The U.S. high-tech sector added jobs for the third year in a row during 2007, but the 91,400 net jobs added fell short of the 139,000 added in 2006.

Overall, tech employment was up by 1.6 percent for a total of 5.9 million.

"While we are certainly pleased to report that the technology industry added jobs nationally and across nearly every state, national tech growth slowed in 2007, making the story good but not great,” said Christopher Hansen, chief executive officer of AeA, the largest technology trade assocation in the U.S.

Citing U.S. Bureau of Labor Statistics numbers, the AeA report details job growth in four sectors. Software services and engineering and tech services added 82,600 jobs and 45,800 respectively. Both high-tech manufacturing and communication services shed jobs during 2007. High-tech had a net loss of 29,800 jobs, while communication lost 16,900.

“AeA is concerned that future growth is being jeopardized unless the United States prepares itself for a vastly more competitive global marketplace,” said Hansen. “The tech industry and the country risk an impending slide in U.S. global competitiveness, caused by negligence on the part of our political leaders to adequately invest in scientific research, improve our education system and allow the best and brightest from around the world to work in the United States.”

Venture capital (VC) investments in technology increased by 6 percent in 2007, adding $945 million for a total spending of $16.9 billion. Research and development (R&D) investments also reported an increase of 6 percent based on 2005 figures, the most recent data available, reaching $74.9 billion and taking 37 percent of the U.S. total.

State-by-state data was supplied based on 2006 information. California added the most jobs, with Texas and Virginia rounding out the top three. Virginia also led the nation in concentration of high-tech workers, with 91 high-tech workers per 1,000 private sector workers.

“Tech jobs make critical contributions to the U.S. economy in terms of innovation, and pay extremely well – the average tech-industry wage is 87 percent higher than the average private-sector wage,” Hanses points out. “While these are the types of jobs every state wants to attract, the labor market remains tight, with unemployment rates below 2 percent across many tech occupations."

“The outlook is mixed among economists, but the consensus is that job growth will be in engineering and technology service jobs as well as research and development,” said Michael Walden, an economist at North Carolina State University.

The domestic loss of jobs in high-tech manufacturing is no surprise, but Walden notes it is typical of a product life-cycle, in any industry, to settle and then go where labor is less expensive.
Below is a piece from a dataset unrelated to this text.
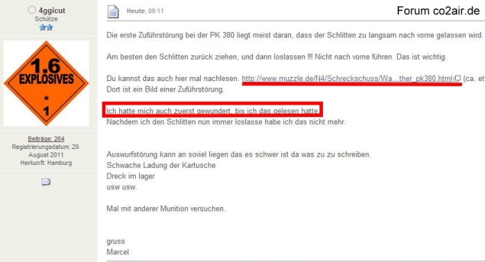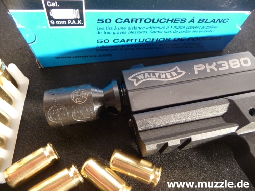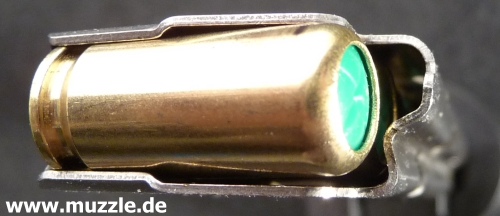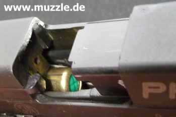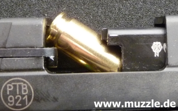 Der oben zu sehende Hülsenklemmer zeigt eine ungezündete Kartusche. Er entstand durch einen zu langsam ausgeführten manuellen Spannvorgang (Durchladen), also durch einen Bedienfehler des Anwenders. Denn bleibt der Verschluss zu lange geöffnet, katapultiert die starke Magazinfeder die Patrone gleich wieder oben aus dem Patronenlager heraus. Wichtig: Der Durchladevorgang muss ruckartig erfolgen. Funktionsbedingte Hülsenklemmer (beim automatischen Auswurf der leeren Kartuschen) gab es bei keiner der beiden Testwaffen. Die vorliegenden “Walther PK380”-Exemplare arbeiteten im Schießbetrieb völlig störungsfrei, präzise und absolut zuverlässig. Beide Pistolen absolvierten jeweils 48 Schuss mit “UMAREX” Knallmunition (NC-Pulver). Hülsenklemmer können z. b. durch ungeeignete Munition (Gasdruck), eine verschmutzte Waffe, oder durch Probleme mit dem Auszieher oder der Schlittenrückholfeder generiert werden. Und sage ich es nicht immer wieder: “Nicht wundern, “muzzle.de” lesen!” ;-)

The communications sector is still reeling a period of bloating in the late 90’s and will continue to right-size itself.

“Foreign competition and the ability to find well-trained workers should be of particular concern to the leaders of high-tech industry,” warns Walden. “The bread and butter of the future is in R&D. Industy growth is where innovation takes place.”

North Carolina employed 145,200 tech workers and ranked No. 16 in the country for a 2 percent increase with 2,900 net jobs added. Still, the report indicates the state lost 4,000 jobs within the Internet services category; specifically, data processing, hosting and related services.

Overall, North Carolina raised $577 million in capital during 2007. R&D expenditures reached $6.6 billion, based on 2004 figures.

Neighboring states faired well, too.

Virginia’s tech industry grew by 4 percent, adding 9,800 jobs to rank No. 5 in the country at 270,800 total tech employment. During 2007, capital raised capped at $463 million. It’s R&D expenditures were $7.9 billion.

Georgia got its first job gain since the dot-bomb in 2001, with 3,000 net jobs added for a total of 165,500. Capital investments for the state came to $463 million – a 30 percent increase. R&D spending was $4.1 billion.

The lag time of the state reports seem long to Peter Hermann, chief executive officer of the North Carolina Technology Association (NCTA), who said, “What is important is what is being done now.” He adds, “If we [North Carolina] are to continue to be a premier technology hub, we need to focus on areas with long-term effect.”

Fostering a business-to-business atmosphere, in conjunction with a proactive state Legislature, should be a top priority Hermann says. In particular, he emphasizes the importance of an R&D tax credit as a competitive edge. Councils – similar to NCTA – across the country are actively nurturing technology.

“The competitive environment is such that it’s more and more difficult to attract and retain knowledge workers,“ suggests Hermann. “Therefore, education is critical to compete. Science and math are not only important at the university level. High school studies need to do a better job.”